Use of stream Benchmark

Source: Internet
Author: User

Stream is one of the most popular comprehensive measuring tools for memory bandwidth performance. As the number of cores processed by the processor increases, the memory bandwidth becomes more important for improving the performance of the entire system. If a system cannot transmit data in the memory to the processor quickly enough, several processing cores are waiting for data to be idle, and the idle time generated will not only reduce the system efficiency, but also offset the performance improvement factors brought by multiple cores and high clock speed. Stream has good spatial locality and is a test that is TLB friendly and cache friendly. Stream supports copy, scale, add, and triad operations.

Compile and use stream:

Download the C source stream. C (http://www.streambench.org/), in the Command terminal through-GCC stream. c

Important parameter adjustment (set during compilation ):

1. stream_array_size: Adjust the array size. The setting method is 100 MB (pay attention to setting the appropriate size, maybe you only need 10 MB:

Gcc-o-dstream_array_size = 100000000 stream. C-o stream.100m

2. ntimes: adjusts the number of stream operations in each kernel and outputs the best one. Set 7 times.

It can be adjusted through-dntimes = 7.

3.-doffset settings

4. multi-core OpenMP support is added through-o-fopenmp

 

Complete example:

Complete example:
Gcc-o-fopenmp-dstream_array_size = 100000000-dntime = 20 stream. C-O Stream. o
For more information about other parameters, see http://www.cs.virginia.edu/stream/ref.html.

Command to compile the stream benchmark file and run the command./stream. O. Results of a program with a memory test:

In the function, copy, scale, add, and triad represent the following 4 operations:

The copy operation is the easiest. It first accesses one memory unit to read the value and then writes the value to another memory unit.

The scale operation first reads the value from the memory unit, performs a multiplication operation, and then writes the result to another memory unit.

The add operation first reads two values from the memory unit, performs addition operations, and then writes the result to another memory unit.

The Chinese meaning of triad is to combine the three operations. In this test, it means to combine the copy, scale, and add operations for testing. The specific operation method is: first read two values A and B from the memory unit and perform the multiplication and addition Hybrid Operation (a + factor * B) on them ), write the calculation result to another memory unit.

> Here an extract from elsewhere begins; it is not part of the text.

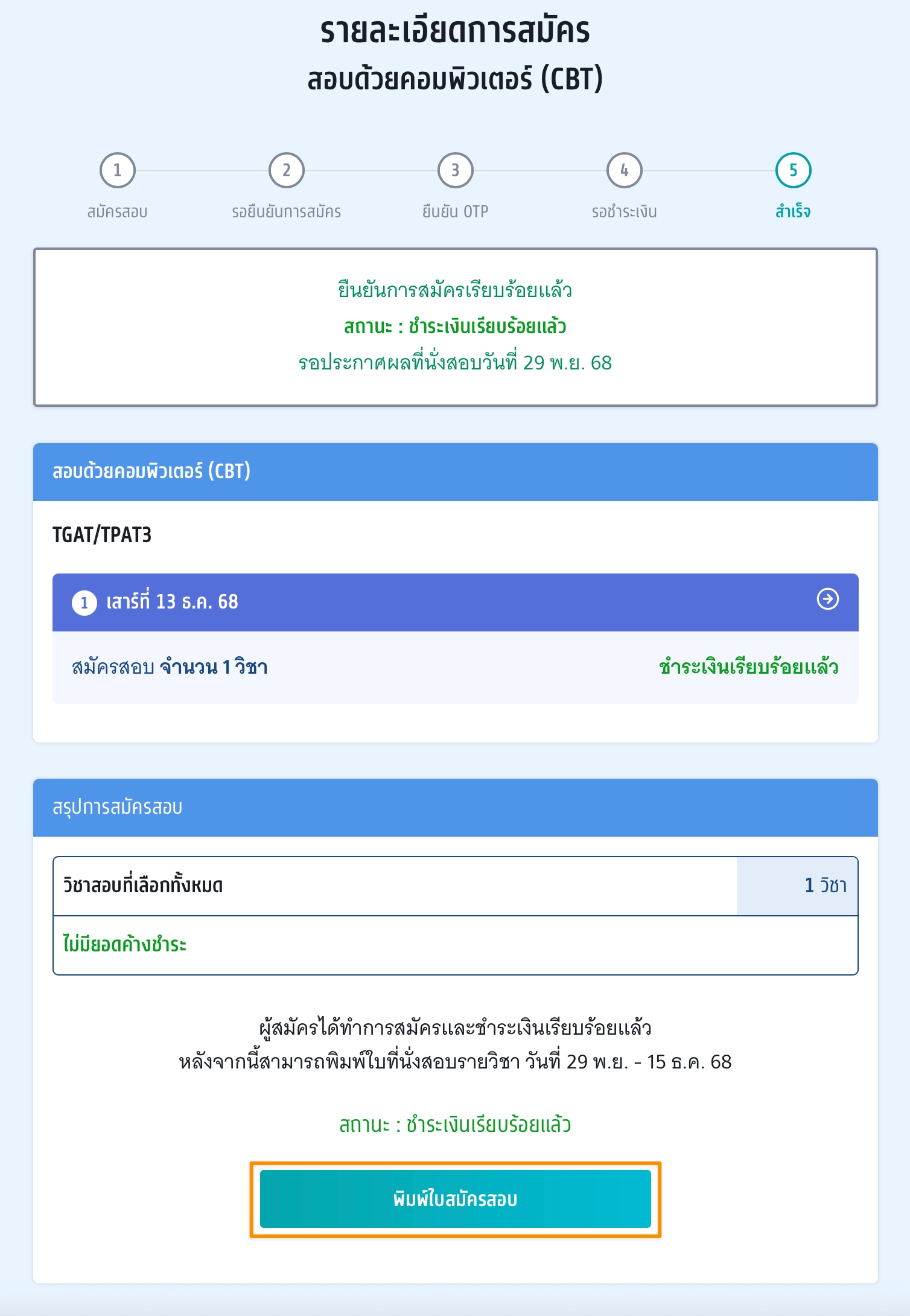 หลังจากชำระเงินเรียบร้อยแล้ว ระบบจะปรากฏสถานะ ชำระเงินเรียบร้อยแล้ว จากนั้นเลือก “พิมพ์ใบสมัครสอบ” เพื่อเก็บไว้เป็นหลักฐานต่อไป

The best rate indicates the bandwidth between the memory and the CPU when the program executes different operations:

Add> triad> copy> scale. Why? One add operation requires three accesses to the memory (two read operations and one write operation), triad operations also require three accesses to the memory, and copy and scale operations require two accesses to the memory. In a unit operation, the more times the memory is accessed, the greater the latency of memory access, the larger the bandwidth. Within a unit operation, the more complex the operation, the longer the operation completion time, the longer the operation cycle is completed. The add operation is simple and has a large number of accesses. Therefore, the maximum bandwidth is required. The scale operation is complex and the number of accesses is small. Therefore, the minimum bandwidth is required. The copy operation is simple, but the number of access requests is small. The Triad operation is complex, but the number of access requests is large. It may be because of the multi-core reasons that the operation time is much longer than the operation time, the Triad bandwidth is slightly larger than the copy bandwidth.

 

References:

(Http://www.cs.virginia.edu/stream/ref.html

Source code: http://www.cs.virginia.edu/stream/FTP/Code/

Official Website: http://www.streambench.org/

I would also like to thank the other three for their research.

Contact Us

The content source of this page is from Internet, which doesn't represent Alibaba Cloud's opinion; products and services mentioned on that page don't have any relationship with Alibaba Cloud. If the content of the page makes you feel confusing, please write us an email, we will handle the problem within 5 days after receiving your email.

If you find any instances of plagiarism from the community, please send an email to: info-contact@alibabacloud.com and provide relevant evidence. A staff member will contact you within 5 working days.

A Free Trial That Lets You Build Big!

Start building with 50+ products and up to 12 months usage for Elastic Compute Service

  • Sales Support

    1 on 1 presale consultation

  • After-Sales Support

    24/7 Technical Support 6 Free Tickets per Quarter Faster Response

  • Alibaba Cloud offers highly flexible support services tailored to meet your exact needs.